One important goal is to obtain estimates for the above estimated quantities (conditional survival probabilities) conditionally on current or past covariate measures. The current version of the package allow the inclusion of a single covariate.


```{r}
grade <- survCOND(survCS(rectime, censrec, survtime, censdead) ~ as.factor(grade),
                  x = 365, data = gbcsCS, method = "LDM", conf = FALSE)
plot(grade)
```


Finally, the package also allow the user to estimate the conditional survival given a continuous covariate (i.e., objects of class 'integer' or 'numeric').
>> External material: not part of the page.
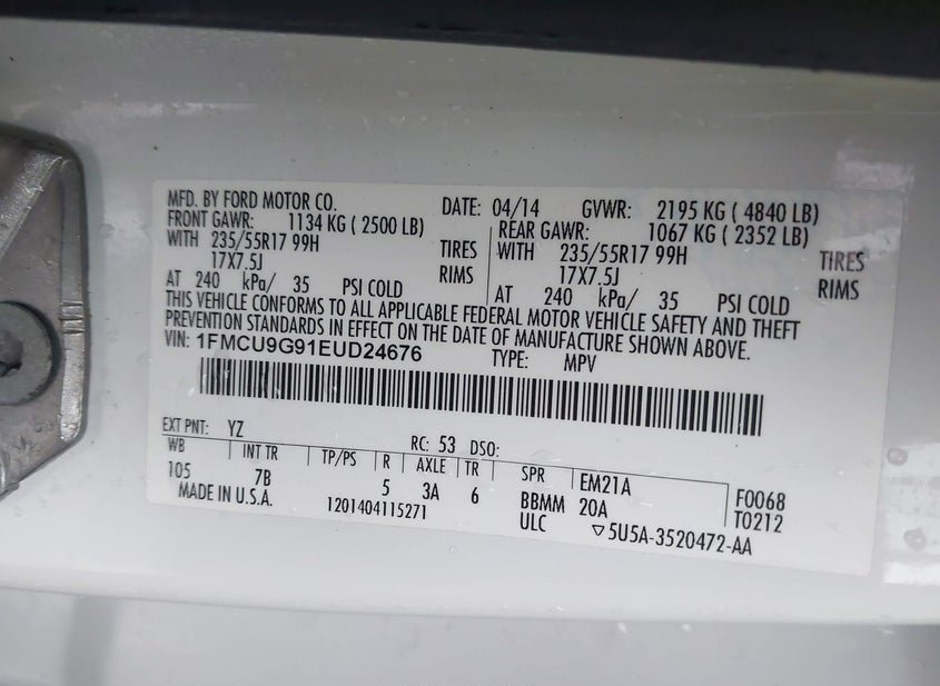 - VIN: 1FMCU9G91EUD24676

For example, estimates and plot for the conditional survival for women aged 60 years, $S(y|x,Z=z)=P(T>y|T_1>x, age=60)$. 


```{r}
age <- survCOND(survCS(rectime, censrec, survtime, censdead) ~ age, x = 365, 
                z.value = 60, data = gbcsCS, conf = FALSE)
plot(age)
```


```{block2, type = "rmdhint_sestelo"}
The **inclusion of continuous covariates** can be computationally demanding. In particular, the use of bootstrap resampling techniques are time-consuming processes because it is necessary to estimate the model a great number of times. 
```


The use of the `condSURV` package to more than two consecutive events is illustrated in the Appendix of @meiramachado-sestelo:2016.